Apr. 23, 2014
Sonnet 106: When in the chronicle of wasted time
When in the chronicle of wasted time
I see descriptions of the fairest wights
And beauty making beautiful old rhyme
In praise of ladies dead and lovely knights,
Then in the blazon of sweet beauty's best,
Of hand, of foot, of lip, of eye, of brow,
I see their ántique pen would have expressed
Ev'n such a beauty as you master now.
So all their praises are but prophecies
Of this our time, all you prefiguring,
And for they looked but with divining eyes,
They had not skill enough your worth to sing.
For we which now behold these present days,
Have eyes to wonder, but lack tongues to praise.
It's the 450th anniversary of the birth of William Shakespeare (books by this author), who is traditionally believed to have been born on this date in 1564 in Stratford-upon-Avon, Warwickshire, England.
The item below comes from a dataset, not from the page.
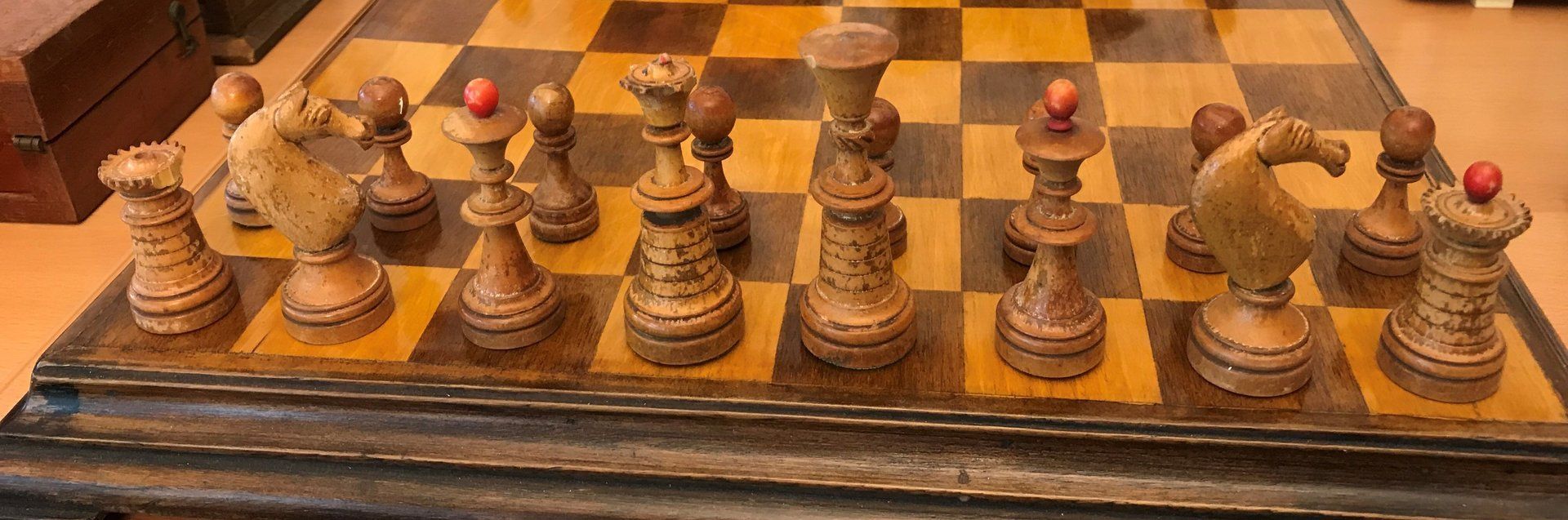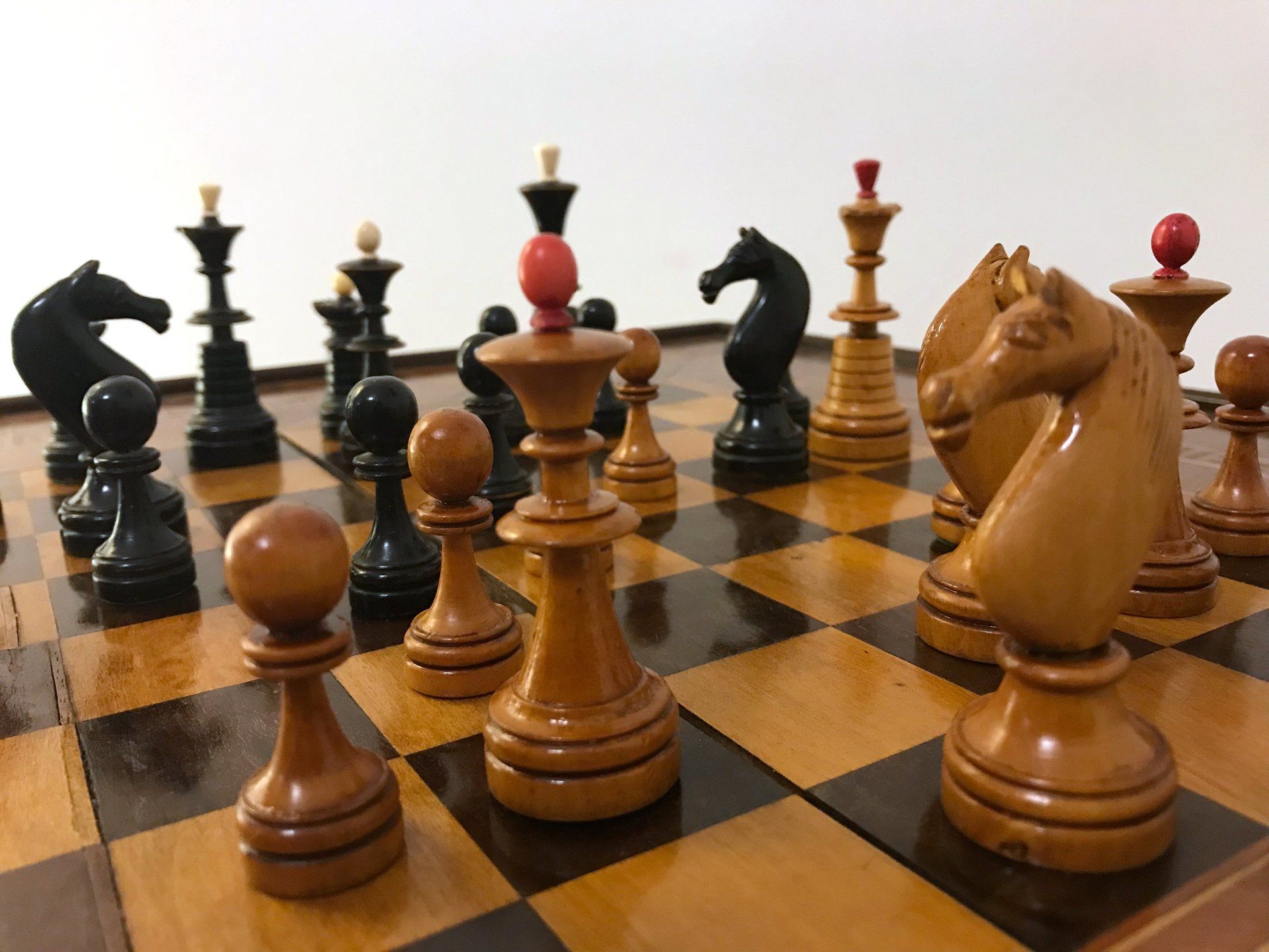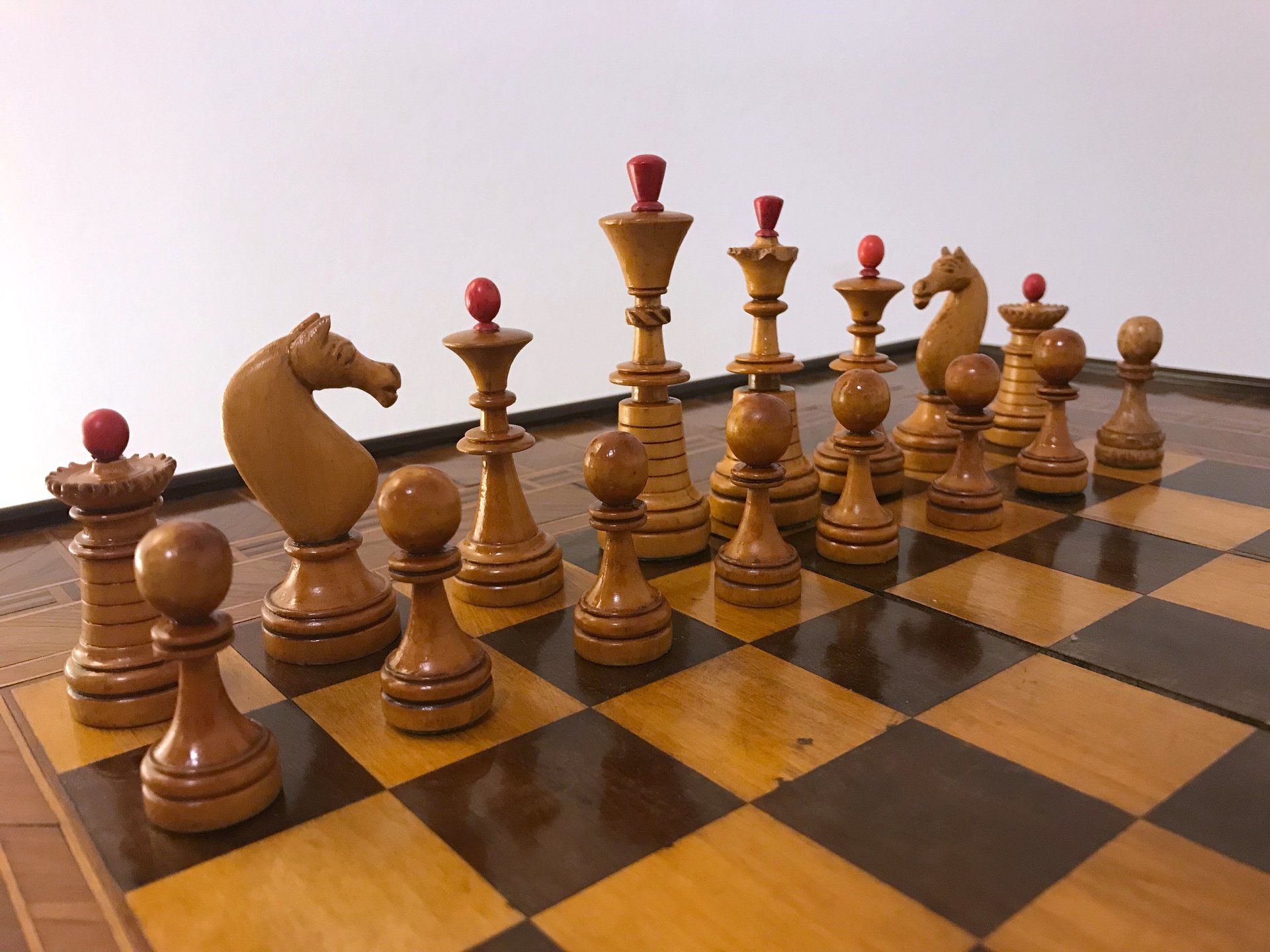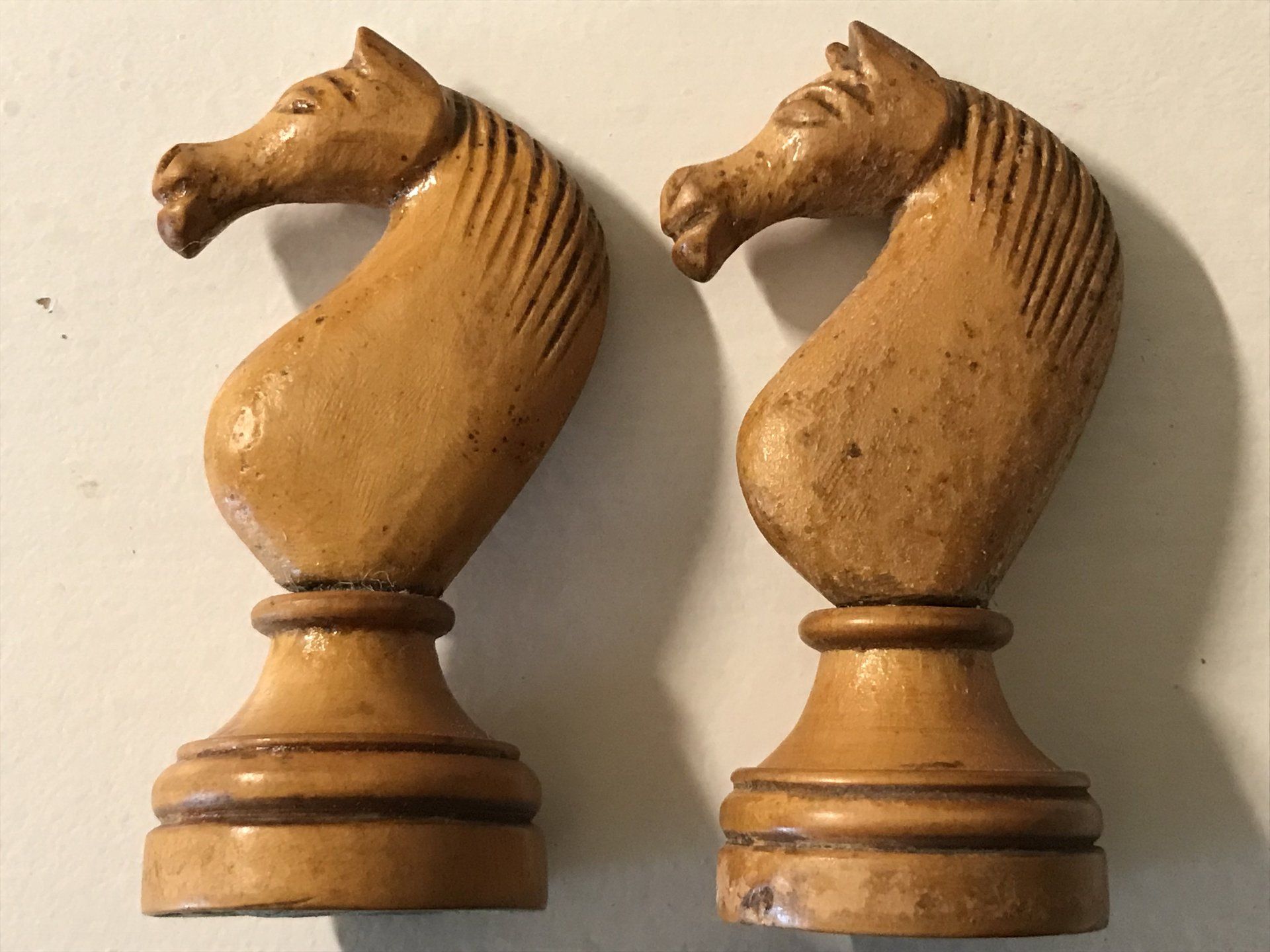 Some time ago, I acquired some nice, but really worn pieces that once formed a glorious Polish late 19th century tournament set in order to restore them. King size is 9 cm. All pieces are weighted. However, many of the pieces had chips, an immense amount of grease and dirt on them and many spots in which the colour was peeling off. Half of the pieces had bone finials, the rest of the finials was missing. The finials of the black pieces were of natural colour that had in some places turned to a dirty grey. The finials on the white side were stained in red, but were rather faded. Further, one of the Rook finials had been misplaced on a Bishop. One pawn is a replacement.

He left behind no personal papers, so our knowledge of his life comes to us from public and court documents. His father, John, was a glove-maker and alderman, and his mother, Mary Arden, was a landed heiress. The baptismal register of the Church of the Holy Trinity in the Shakespeares' parish shows an entry on Wednesday, April 26, that reads, "Gulielmus filius Johannes Shakespeare." Babies were traditionally baptized on the first Sunday or holy feast day after their birth. The Feast of St. Mark was on April 25, and although normally that would have been Shakespeare's baptismal day, it was also considered an unlucky day, and that may be why the child was baptized the following day instead.
Shakespeare studied at the well-respected local grammar school, and married the older — and pregnant — Anne Hathaway when he was 18 and she was 26. She gave birth to a daughter, Susanna, six months later. Twins Hamnet and Judith followed two years after that. Shakespeare was no doubt deeply affected by the death of son Hamnet at age 11; he began to write his tragedy Hamlet soon afterward.
He moved to London around 1588 and began a career as an actor and a playwright. By 1594, he was also managing partner of the Lord Chamberlain's Men, a popular London theater troupe. The 1590s saw the production of his plays Richard III, The Taming of the Shrew, Romeo and Juliet, and The Merchant of Venice, to name but a few. His greatest tragedies — like Hamlet, Othello, and King Lear — were all written after 1600. He wrote his last few plays back in Stratford, where he retired after an outbreak of the bubonic plague caused the London theaters to be closed for long stretches. He was popular during his lifetime, but it wasn't until after his death that his collected works were published in print form. That volume has come to be known as the First Folio, and it was published in 1623.
In 1611, he made out his will, leaving most of his estate to his daughter Susanna, and bequeathing to his wife, Anne, his "second-best bed." He died on or around his birthday in 1616 and was buried in the Church of the Holy Trinity in Stratford, leaving a last verse behind as his epitaph: "Good friend, for Jesus' sake forbeare / to dig the dust encloséd here. / Blessed be the man who spares these stones, / and cursed by he who moves my bones."
Shakespeare wrote 38 plays, 154 sonnets, and a couple of epic narrative poems. He created some of the most unforgettable characters ever written for the stage, and was a master of the language of various social classes. According to the Oxford English Dictionary, he coined 3,000 new words, and he has contributed more phrases and sayings to the English language than any other individual. Shakespeare gave us such commonly used phrases as "a fool's paradise," "dead as a doornail," "Greek to me," "come what may," "eaten out of house and home," "forever and a day," "heart's content," "love is blind," "night owl," "wild goose chase," and "into thin air."